In a finance lease, the lessor generally recovers at least 90% of the original
equipment cost during the lease term.
A conditional sales contract generally provides that the non-cancellable payments
to the seller over the term of the contract are sufficient to recover the investment
in such equipment and to provide a return on such investment. Under a conditional
sales contract, the seller reserves title to and retains a security interest
in, the equipment until the purchase price of the equipment is paid.
In general, the terms of the Partnership’s leases, whether the equipment
is leased pursuant to an operating lease or a finance lease, depend upon a variety
of factors, including: the desirability of each type of lease from both an investment
and a tax point of view; the relative demand among lessees for operating or
full payout net leases; the type and use of equipment and its anticipated residual
value; the business of the lessee and its credit rating; the availability and
cost of financing; regulatory considerations; the accounting treatment of the
lease sought by the lessee or the Partnership; and competitive factors.
An operating lease generally represents a greater risk to the Partnership than
a finance lease, because in order to recover the purchase price of the subject
equipment and earn a return on such investment, it is necessary to renew or
extend the operating lease, lease the equipment to a third party at the end
of the original lease term, or sell the equipment.

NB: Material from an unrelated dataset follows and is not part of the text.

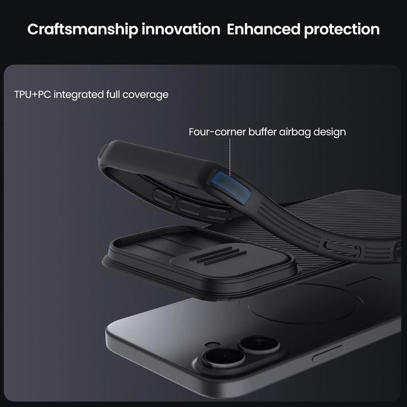 Bucurați-vă de confidențialitate și protecție suplimentară cu carcasa hibridă Nillkin CamShield Pro. Combinând plasticul rigid și TPU, capacul camerei previne zgârieturile, protejând în același timp iPhone 17 de uzura zilnică.

On the other hand, the term
of an operating lease is generally much shorter than the term of a finance lease,
and the lessor is thus afforded an opportunity under an operating lease to re-lease
or sell the subject equipment at an earlier stage of the equipment’s life
cycle than under a finance lease. Also, the annual rental payments received
under an operating lease are ordinarily higher than those received under a finance
lease.
The Partnership’s policy is to generally enter into “triple net
leases” (or the equivalent, in the case of a conditional sales contract)

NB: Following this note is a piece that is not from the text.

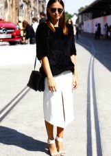 You can not ignore the theme of elegant black and white classics. So a black jumper will make a suitable batch in a business set with a pencil skirt, A-line skirt or pleated skirt. As for the white sweater, there is already an application for luxury.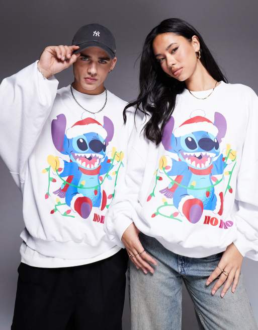 ASOS DESIGN – Jul – Disney – Vit sweatshirt i extra oversize med Stitch-tryck framtill

which typically provide that the lessee or some other party bear the risk of
physical loss of the equipment; pay taxes relating to the lease or use of the
equipment; maintain the equipment; indemnify the Partnership-lessor against
any liability suffered by the Partnership as the result of any act or omission
of the lessee or its agents; maintain casualty insurance in an amount equal
to the greater of the full value of the equipment and a specified amount set
forth in the lease; and maintain liability insurance naming the Partnership
as an additional insured with a minimum coverage which the General Partner deems
appropriate. In addition, the Partnership may purchase “umbrella”
insurance policies to cover excess liability and casualty losses, to the extent
deemed practicable and advisable by the General Partner.
The terms and conditions of the Partnership’s leases, or conditional sales
contracts, are each determined by negotiation and may impose substantial obligations
upon the Partnership. Where the Partnership assumes maintenance or service obligations,
the General Partner generally causes the Partnership to enter into separate
maintenance or service agreements with manufacturers or certified maintenance
organizations to provide such services. Such agreements generally require annual
or more frequent adjustment of service fees. As of December 31, 2015, the Partnership
has not entered into any such agreements.